Subject to the provisions of Article X, a Member who was a participant of the VFSC Plan as of December 31, 1999, may elect, by submitting an election form to the Plan Administrator to receive a reduced benefit payable during his life with the provision that after his death, 66-2/3% of such reduced

 

D-2


 

retirement income will be payable to his Beneficiary during the remaining life of such Beneficiary.

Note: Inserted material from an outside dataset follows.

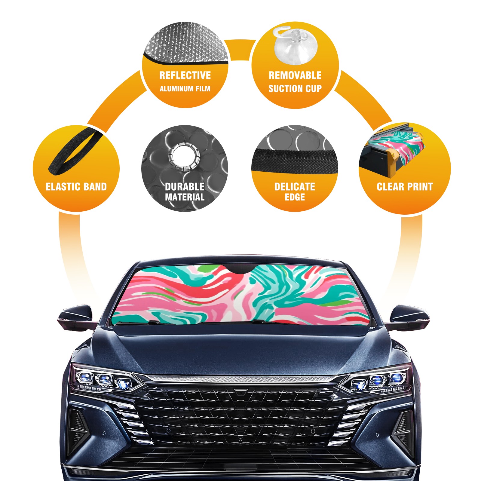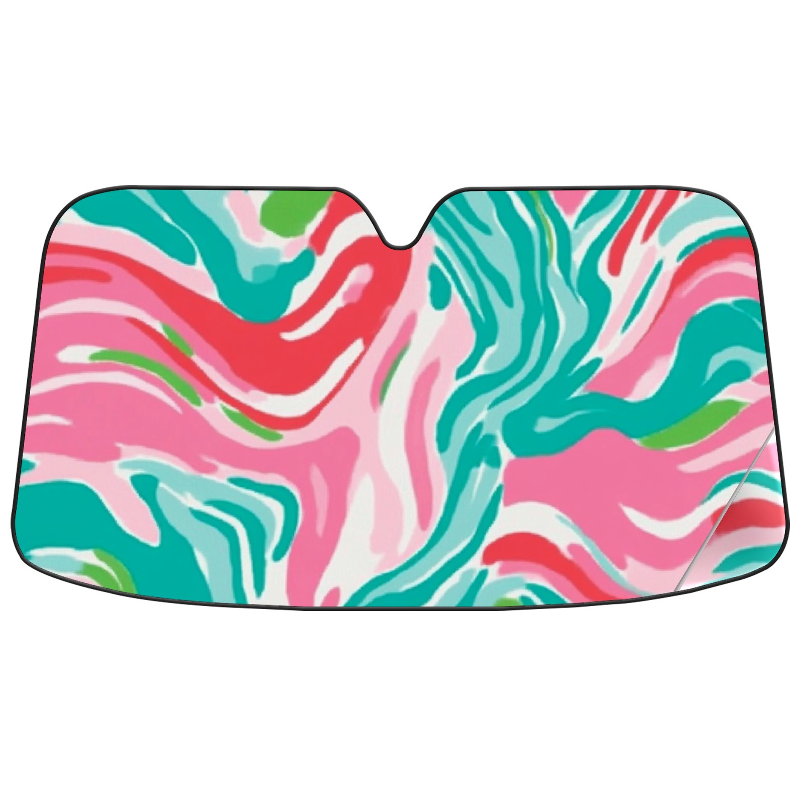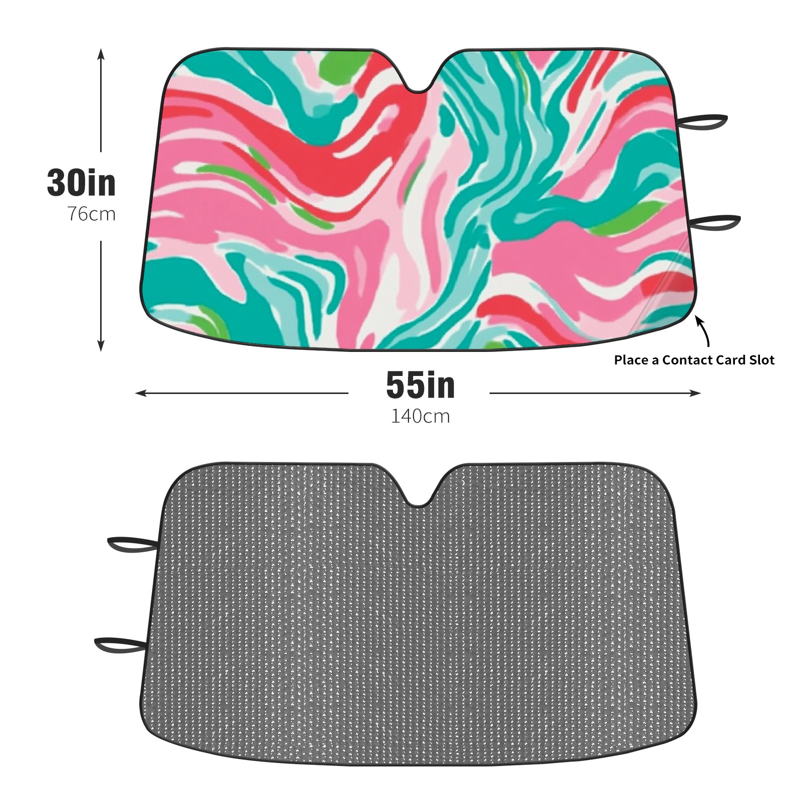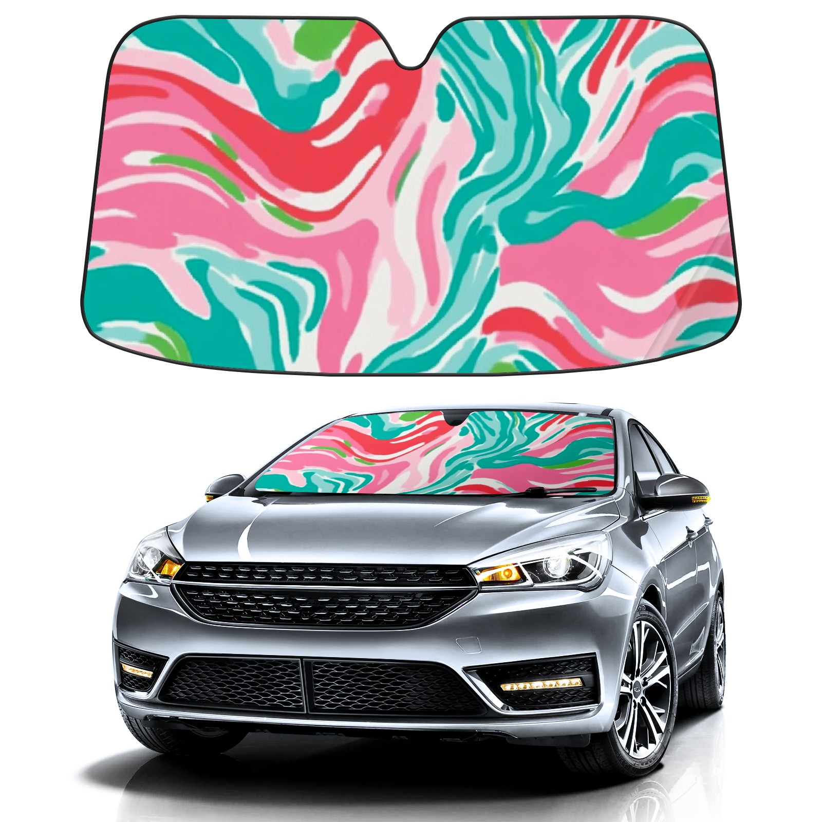 Pink And Teal Abstract Waves Car Sun Shade UV Protection Foldable Sunshade for Windshield Heat Insulation Portable Sun Shield for Car Interior Protection Automotive Window Protector

This form of payment shall be available with respect to a Member’s entire benefit as determined on his Annuity Starting Date.

 

4. Miscellaneous

 

  (a) To the extent required by Code Section 411(d)(6) and regulations thereunder, the benefits, rights, and features attributable to benefits transferred from the VFSC Plan to this Plan shall be preserved hereunder in accordance with the provisions of this Appendix and the provisions of this Plan.

 

  (b) Unless specifically indicated otherwise, the terms of this Plan shall apply to all employees, terminated vested employees, retirees, and beneficiaries with respect to whom benefits were transferred from the VFSC Plan to this Plan on or about December 31,1999.